Publikumswirksam

Über die Rolle des Publikums in der Arena, einer Ausstellung oder im Theater ist mannigfach geschrieben worden. Es sei der zwölfte Mann, heißt es bei der Mannschaft, die bei einem Fußballspiel des Heimrechts wegen sich zuverlässig auf die lautstarke Unterstützung durch tausend heisere Kehlen stützt. Dessen Applaus sei das Brot des Künstlers, mit dem auch gern die Honorarabteilungen der Bühnen kompensatorisch rechnen, wenn sie ihn bei der dürftigen Bezahlung der Schauspieler eingepreist haben. Nur im miesepetrigen Deutschland gilt der Schönspieler, der „für die Galerie“ seine Kabinettstückchen zeigt, als abschätzige Figur auf dem Sportfeld, als ob es nicht Lust und Freude bereitete, wenn mit dem Ball Verblüffendes gezaubert wird. Für wen das also alles geschieht? Ohne Zuschauer auf den Rängen, ohne das kaum unterdrückte Grummeln in den Reihen oder das eruptive Auflachen im Saal, das anerkennende Kopfnicken bei einer Vernissage ist die Darstellung des eigenen Könnens so unvollendet wie ein ungeküsster Schmollmund, dessen Lippen mit der Zeit spröde geworden sind.
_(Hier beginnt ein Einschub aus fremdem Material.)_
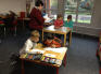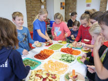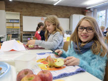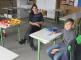 In einer wurden Obst und Gemüse geschnitten, nachdem Hygieneregeln und Schneidetechniken besprochen wurden. Auf Vollkornbrötchen mit Frischkäse durfte jeder damit ein lustiges Gesicht gestalten. In der anschließenden Theoriephase wurden alle wichtigen Bestandteile eines gesunden Frühstücks angesprochen und erörtert welche Aufgaben und Funktionen Getreide, Wasser, Obst, Gemüse und der Milchbaustein haben.

Das Publikum ist Teil des Spiels, wozu auch die heimliche Verachtung der Akteure gehört denen gegenüber, die nur zuschauen. „Ich meine, ganz unrecht hat ein Publikum ja nie“, schrieb schon Hugo von Hofmannsthal an Richard Strauss, zu dessen Opern er die Libretti beigesteuert hatte*. Geisterspiele, wie jetzt verordnet, nehmen dem Spiel den Geist.